Dibujar en familia como práctica de percepción.
Te invito a dibujar en familia sin consignas rígidas, ni objetivos productivos, para habilitar:
– Un lenguaje visual compartido.
– Un espacio sin jerarquías.
– Memoria emocional.
– Presencia real.
– Regulación del sistema nervioso.
Cuando el movimiento es libre y no evaluado, algo se acomoda. La neurociencia muestra que el movimiento manual activa redes profundas de integración. El trazo no es solo gráfico: es corporal. Cuando dibujamos, el cuerpo piensa, siente sin presión y se abre.

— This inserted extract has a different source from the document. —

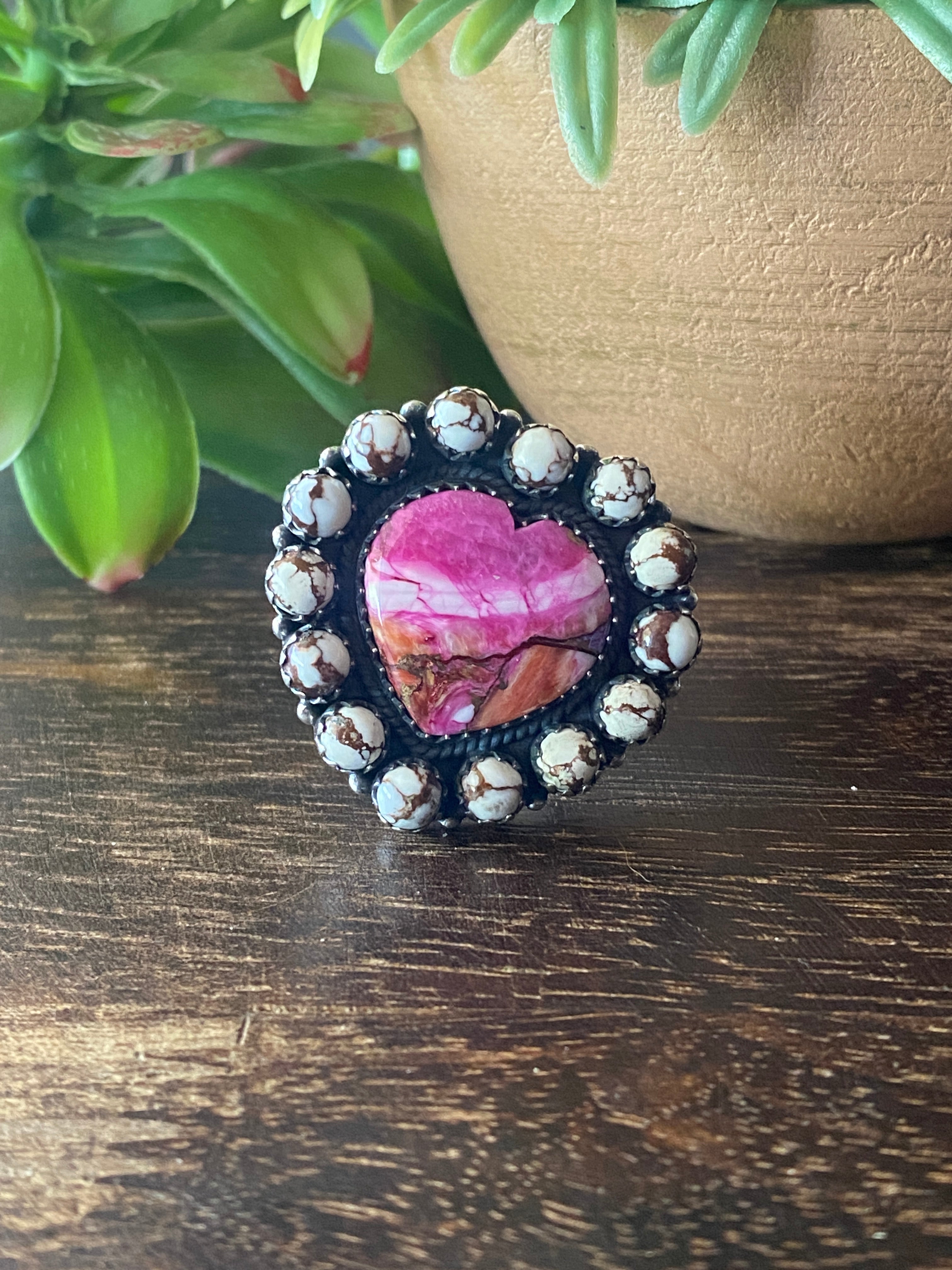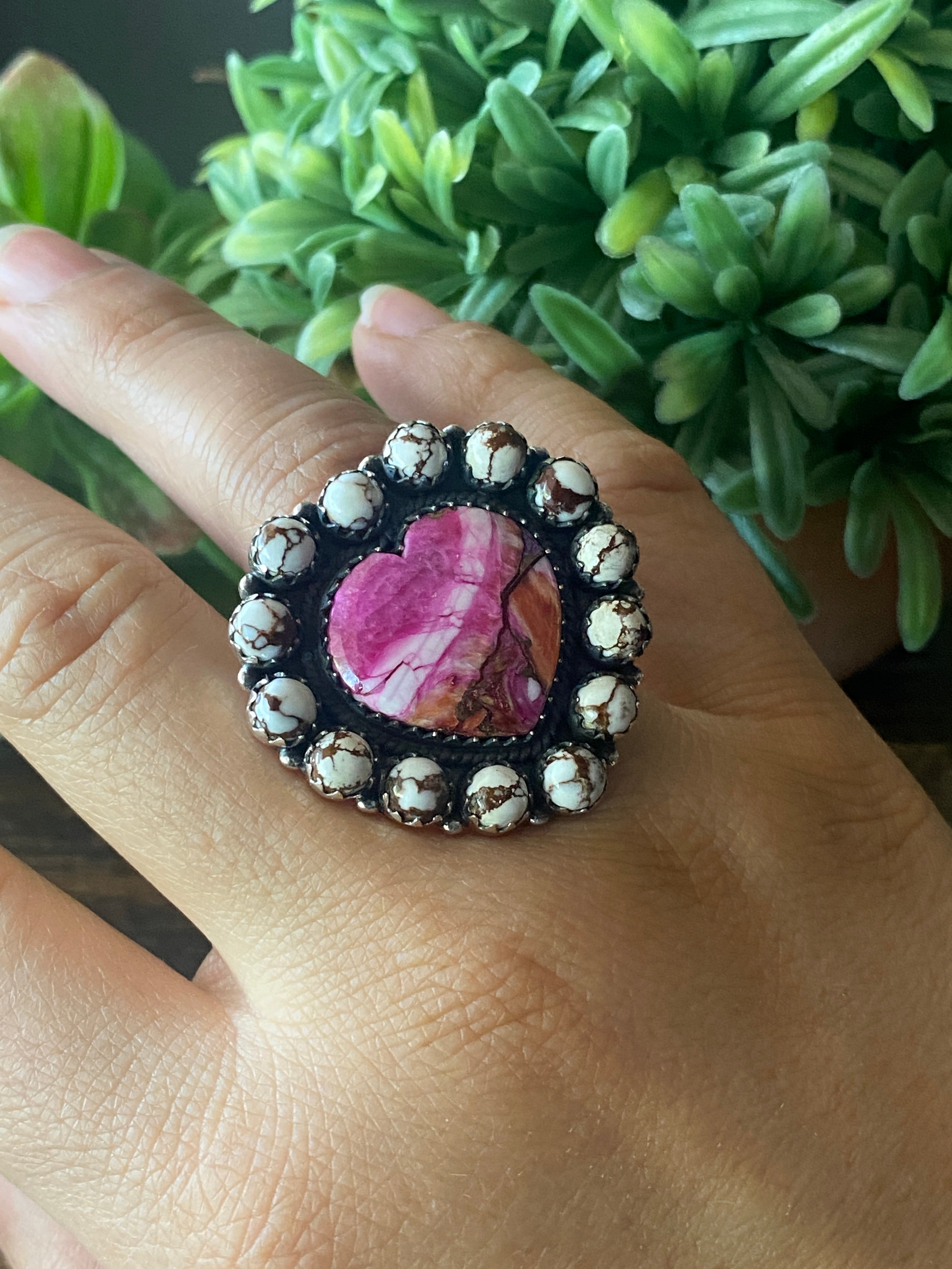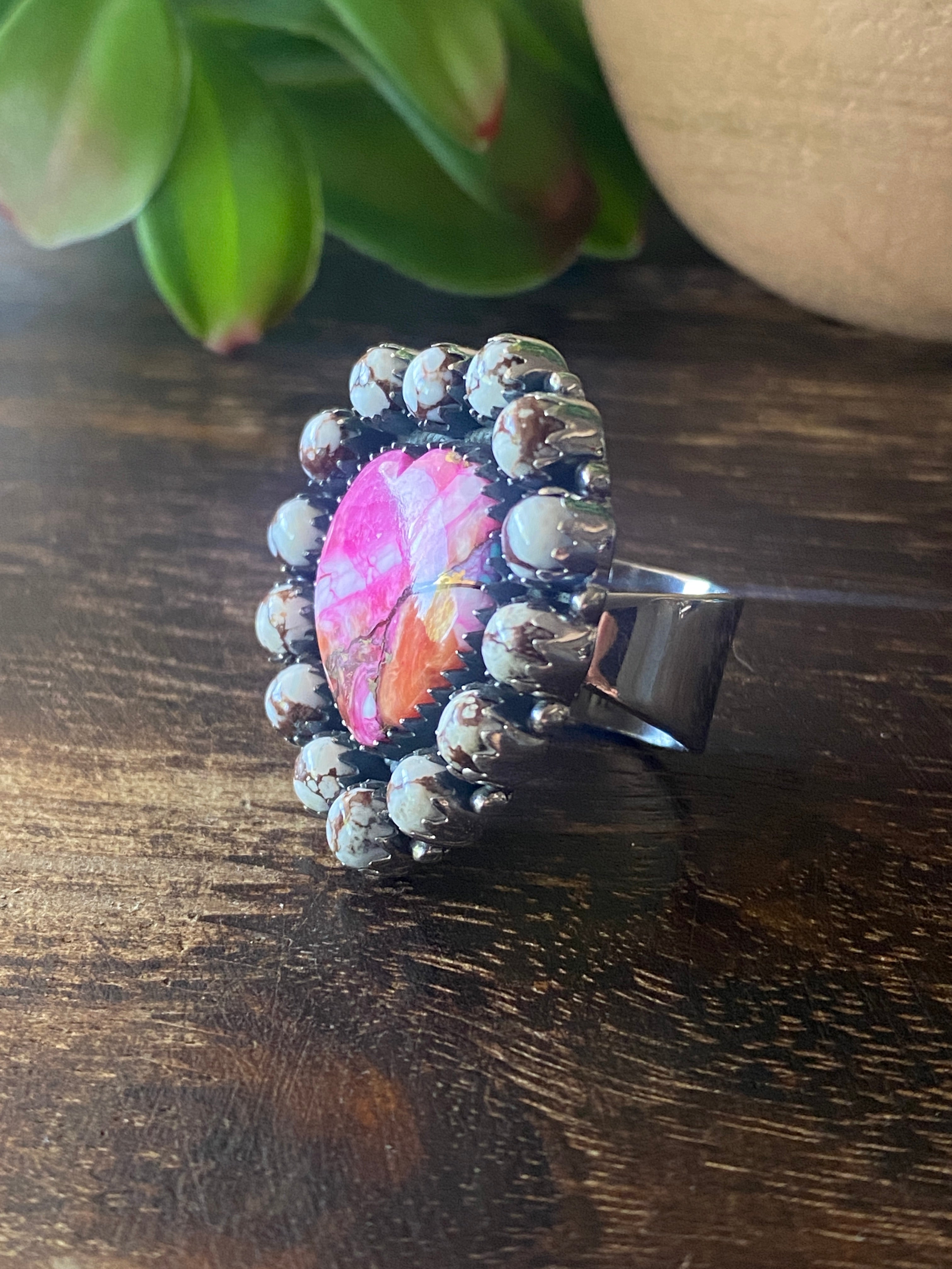 Southwest Handmade Multi Stone & Sterling Silver Adjustable Cluster Ring

Volver al trazo no es retroceder... No se trata de “volver a ser niños”. Sino de recuperar una relación más sana con la expresión y acompañar a aquellos que cuidamos en una educación creativa real. Una que no enseña con consignas, sino con presencia.
Porque acompañar esta etapa no es solo sostener el proceso del niño. Es animarnos a mirar nuestro propio bloqueo, reconocer cuando nos comparamos, dejamos de jugar y abandonamos el gesto. Es una gran oportunidad de revisar nuestra propia relación con la comparación y tal vez, también, volver al trazo.